The material below contains a line with "The image depicts" and a line with "Inspired by botanical". Copy exactly those two lines and all lines between them.

● **Excerpted records**:
^^^^

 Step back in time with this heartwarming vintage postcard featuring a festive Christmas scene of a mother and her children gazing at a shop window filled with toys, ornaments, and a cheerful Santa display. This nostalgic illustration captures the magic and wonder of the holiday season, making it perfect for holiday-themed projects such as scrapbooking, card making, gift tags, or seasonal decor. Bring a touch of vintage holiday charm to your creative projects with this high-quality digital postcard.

^^^^

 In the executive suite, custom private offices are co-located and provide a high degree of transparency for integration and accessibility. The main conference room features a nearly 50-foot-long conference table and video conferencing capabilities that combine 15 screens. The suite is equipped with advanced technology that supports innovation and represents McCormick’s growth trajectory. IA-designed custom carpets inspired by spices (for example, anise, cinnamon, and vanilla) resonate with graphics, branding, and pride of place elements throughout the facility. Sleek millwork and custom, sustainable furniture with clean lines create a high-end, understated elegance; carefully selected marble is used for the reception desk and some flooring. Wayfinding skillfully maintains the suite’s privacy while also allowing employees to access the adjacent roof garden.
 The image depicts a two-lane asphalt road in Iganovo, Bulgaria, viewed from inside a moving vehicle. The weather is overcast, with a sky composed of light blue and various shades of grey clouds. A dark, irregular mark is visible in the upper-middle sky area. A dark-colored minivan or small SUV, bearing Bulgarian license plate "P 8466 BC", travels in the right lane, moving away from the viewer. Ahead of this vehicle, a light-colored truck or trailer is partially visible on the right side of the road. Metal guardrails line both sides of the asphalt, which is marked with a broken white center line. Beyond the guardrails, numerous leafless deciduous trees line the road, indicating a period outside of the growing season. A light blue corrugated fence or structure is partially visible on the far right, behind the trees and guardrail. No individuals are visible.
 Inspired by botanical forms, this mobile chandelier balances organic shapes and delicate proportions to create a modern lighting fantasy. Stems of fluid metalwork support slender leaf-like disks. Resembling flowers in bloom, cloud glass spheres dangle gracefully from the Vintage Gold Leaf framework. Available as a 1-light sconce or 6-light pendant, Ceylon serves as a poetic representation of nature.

^^^^

● **Your solution**:
 The image depicts a two-lane asphalt road in Iganovo, Bulgaria, viewed from inside a moving vehicle. The weather is overcast, with a sky composed of light blue and various shades of grey clouds. A dark, irregular mark is visible in the upper-middle sky area. A dark-colored minivan or small SUV, bearing Bulgarian license plate "P 8466 BC", travels in the right lane, moving away from the viewer. Ahead of this vehicle, a light-colored truck or trailer is partially visible on the right side of the road. Metal guardrails line both sides of the asphalt, which is marked with a broken white center line. Beyond the guardrails, numerous leafless deciduous trees line the road, indicating a period outside of the growing season. A light blue corrugated fence or structure is partially visible on the far right, behind the trees and guardrail. No individuals are visible.
 Inspired by botanical forms, this mobile chandelier balances organic shapes and delicate proportions to create a modern lighting fantasy. Stems of fluid metalwork support slender leaf-like disks. Resembling flowers in bloom, cloud glass spheres dangle gracefully from the Vintage Gold Leaf framework. Available as a 1-light sconce or 6-light pendant, Ceylon serves as a poetic representation of nature.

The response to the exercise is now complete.